• [SOURCE DATA]:
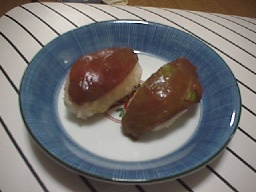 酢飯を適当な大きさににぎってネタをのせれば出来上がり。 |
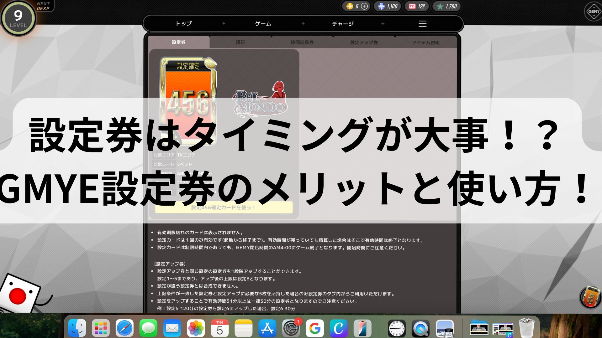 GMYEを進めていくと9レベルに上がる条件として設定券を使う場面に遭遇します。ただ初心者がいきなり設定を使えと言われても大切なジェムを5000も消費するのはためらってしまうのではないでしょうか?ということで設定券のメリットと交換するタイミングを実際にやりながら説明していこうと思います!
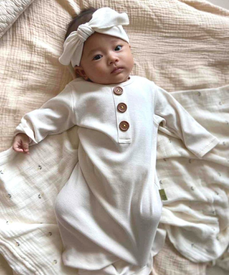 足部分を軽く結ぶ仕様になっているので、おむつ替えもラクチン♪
==
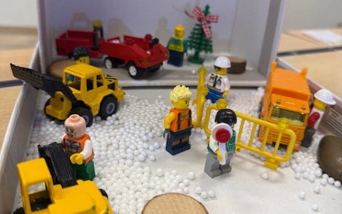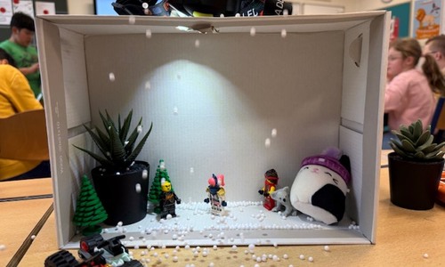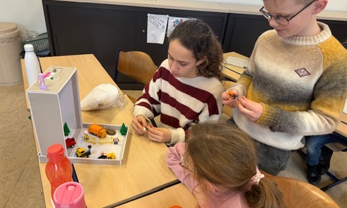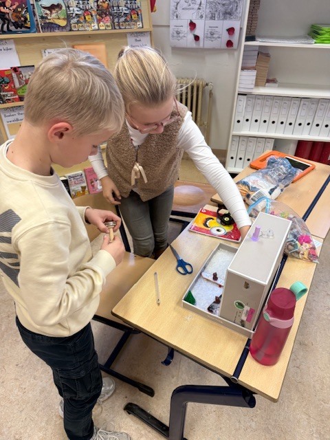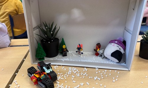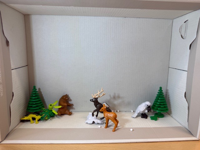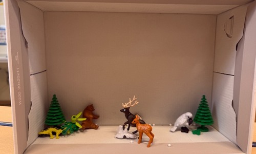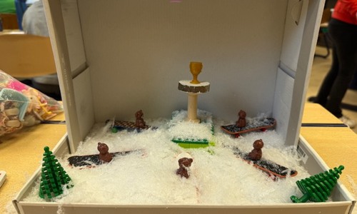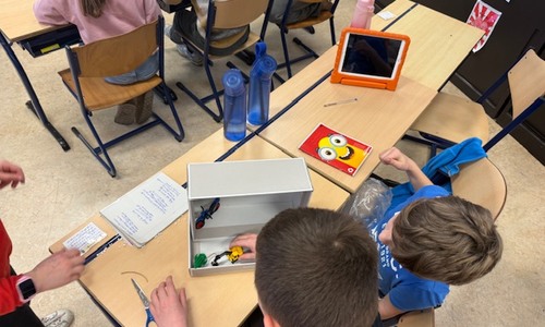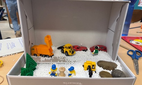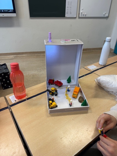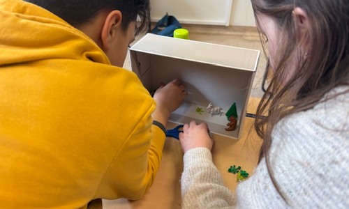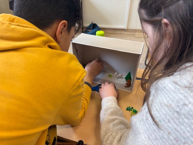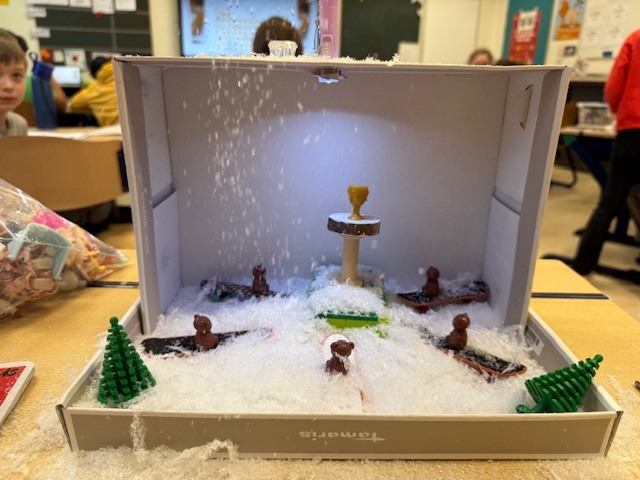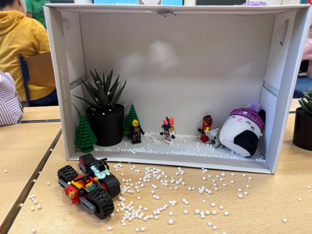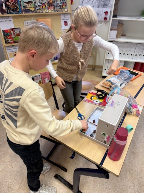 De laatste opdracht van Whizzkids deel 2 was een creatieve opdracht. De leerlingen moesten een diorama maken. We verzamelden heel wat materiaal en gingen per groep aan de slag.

• [DIRECTIONS FOR THIS TASK]:
Print, word for word, the lines above that run from the line containing "GMYEを進めていくと9レベ" to the line containing "足部分を軽く結ぶ仕様になっているので、おむつ替えもラクチン♪", both included. Keep the pictures out.

• [OUTPUT FOR THIS EXERCISE]:
 GMYEを進めていくと9レベルに上がる条件として設定券を使う場面に遭遇します。ただ初心者がいきなり設定を使えと言われても大切なジェムを5000も消費するのはためらってしまうのではないでしょうか?ということで設定券のメリットと交換するタイミングを実際にやりながら説明していこうと思います!
 足部分を軽く結ぶ仕様になっているので、おむつ替えもラクチン♪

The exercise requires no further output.